# churches of montreal



## mathjak107 (Jul 18, 2016)

took a trip to montreal and found it photography heaven .

all handheld using the fuji x100s


----------



## Ameriscot (Jul 18, 2016)

Wow!!


----------



## Shalimar (Jul 18, 2016)

Magnifique!


----------



## mathjak107 (Jul 18, 2016)

we only take the little fuji's on trips  when we fly . they are fabulous for travel . all the big nikon gear is used generally locally  when we have the car with us . the fuji's work well in low light and have special features that are just great for travel and street photography . only problem is with some extra battery's they run 1500 a piece . we needed 2 of them since my wife won't let me have anything she doesn't .


----------



## Ameriscot (Jul 18, 2016)

I have found unless I'm doing something special with a shot, that my Samsung phone takes pics almost as good in quality as my Canon DSLR. 

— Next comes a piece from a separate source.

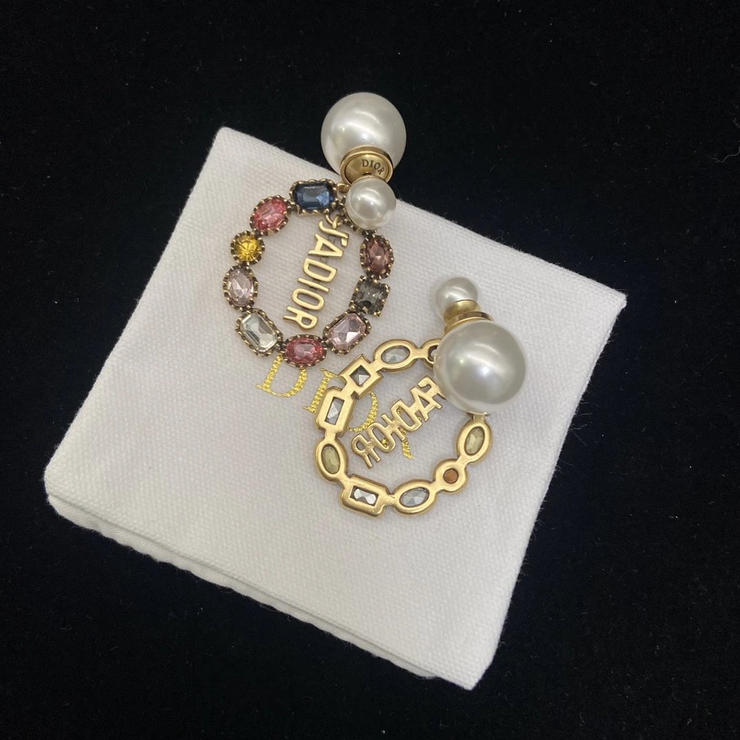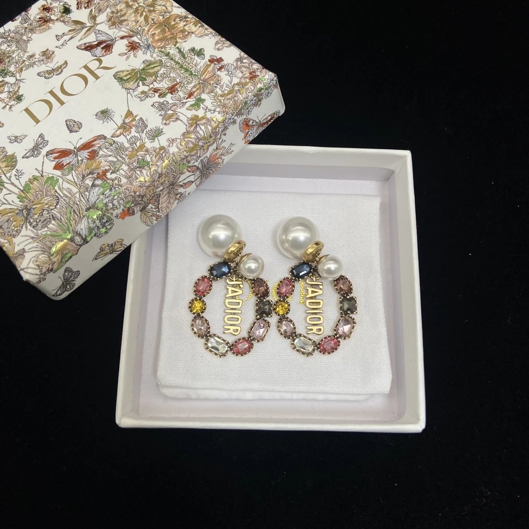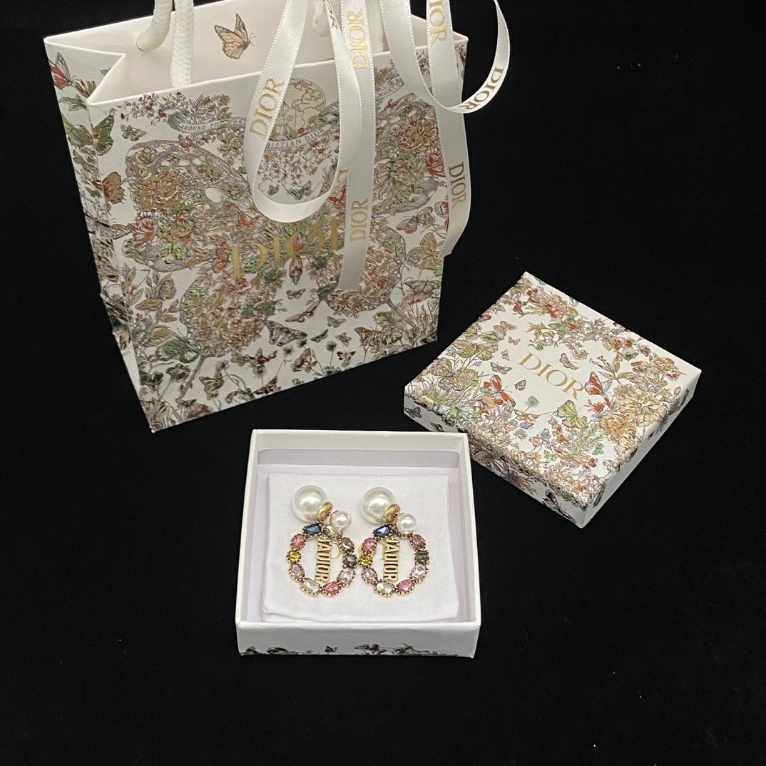 Dior Classic Double Bead Colored Diamond Earrings feature a timeless double-bead design with sparkling colored diamonds.
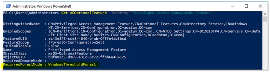 Enable-ADOptionalFeature 'Privileged Access Management Feature' -Scope ForestOrConfigurationSet -Target adatum.com

On a safari in Africa I took my 300 mm, put in on the automatic sports setting for action shots and got some great closeups while standing up through the opening in the roof.


----------



## mathjak107 (Jul 18, 2016)

it is never about the gear as much as it is about the photographer .  great gear can just add a bit to the equation  as well as having some editing skills . i  hate the way most in camera shots come out . to me they are a half finished product .  i like my work to reflect the way i see it in my head and my camera's built in programs do not reflect what i want .,


----------



## Ameriscot (Jul 18, 2016)

mathjak107 said:


> it is never about the gear as much as it is about the photographer .  great gear can just add a bit to the equation  as well as having some editing skills . i  hate the way most in camera shots come out . to me they are a half finished product .  i like my work to reflect the way i see it in my head and my camera's built in programs do not reflect what i want .,



True.  You can have the best gear but be a lousy photographer.  I hate lugging around the 300mm lens but for some things it's necessary - like wildlife that I couldn't get close to.  Or grandkids that won't be still for a photo.


----------



## Ameriscot (Jul 18, 2016)

mathjak107 said:


> it is never about the gear as much as it is about the photographer .  great gear can just add a bit to the equation  as well as having some editing skills . i  hate the way most in camera shots come out . to me they are a half finished product .  i like my work to reflect the way i see it in my head and my camera's built in programs do not reflect what i want .,



How do you manage action shots on manual focus?


----------



## mathjak107 (Jul 18, 2016)

many times i will set the camera to full manual .   i will focus at infinity , set a good speed for movement , set an aperture size with pretty good depth of field and then let auto iso run up and down setting the exposure .  this is where using a camera in manual mode has advantages . all my street photography is done that way .


----------